--- EXTRACTED RECORDS ---

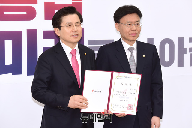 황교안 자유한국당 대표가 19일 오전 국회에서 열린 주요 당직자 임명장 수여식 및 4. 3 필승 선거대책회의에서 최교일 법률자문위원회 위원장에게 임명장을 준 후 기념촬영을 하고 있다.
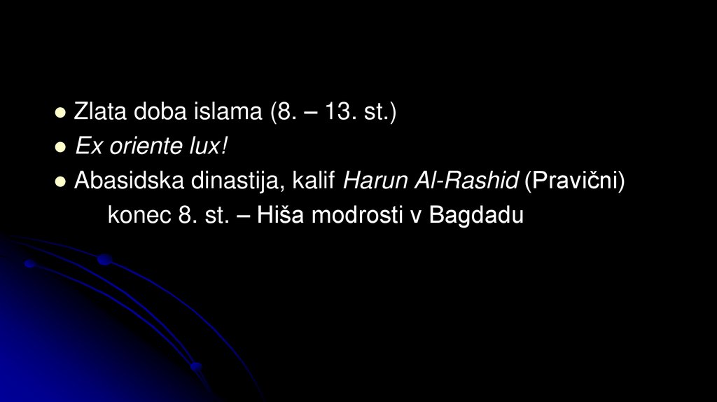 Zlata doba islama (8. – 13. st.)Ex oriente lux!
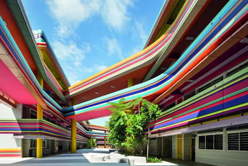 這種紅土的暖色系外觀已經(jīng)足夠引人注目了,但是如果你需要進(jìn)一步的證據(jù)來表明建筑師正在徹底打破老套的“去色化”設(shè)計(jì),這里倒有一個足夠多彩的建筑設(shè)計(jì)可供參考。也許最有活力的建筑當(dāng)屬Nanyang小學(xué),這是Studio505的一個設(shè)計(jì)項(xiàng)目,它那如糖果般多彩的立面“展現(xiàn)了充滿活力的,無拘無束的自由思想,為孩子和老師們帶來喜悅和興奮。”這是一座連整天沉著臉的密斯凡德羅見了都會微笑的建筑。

---
--- EXTRACTED RECORDS ---

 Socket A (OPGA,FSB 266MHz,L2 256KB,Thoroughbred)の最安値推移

---
--- EXTRACTED RECORDS ---

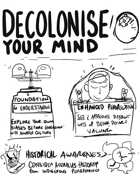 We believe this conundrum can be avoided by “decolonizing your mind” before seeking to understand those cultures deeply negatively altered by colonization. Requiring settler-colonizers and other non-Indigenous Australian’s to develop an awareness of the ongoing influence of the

---

TASK TO CARRY OUT
Give the lines above again exactly, from the one containing "Zlata doba islama" to the one containing "這種紅土的暖色系外觀已經(j", both included, but leave out the pictures.

RESULT
 Zlata doba islama (8. – 13. st.)Ex oriente lux!
 這種紅土的暖色系外觀已經(jīng)足夠引人注目了,但是如果你需要進(jìn)一步的證據(jù)來表明建筑師正在徹底打破老套的“去色化”設(shè)計(jì),這里倒有一個足夠多彩的建筑設(shè)計(jì)可供參考。也許最有活力的建筑當(dāng)屬Nanyang小學(xué),這是Studio505的一個設(shè)計(jì)項(xiàng)目,它那如糖果般多彩的立面“展現(xiàn)了充滿活力的,無拘無束的自由思想,為孩子和老師們帶來喜悅和興奮。”這是一座連整天沉著臉的密斯凡德羅見了都會微笑的建筑。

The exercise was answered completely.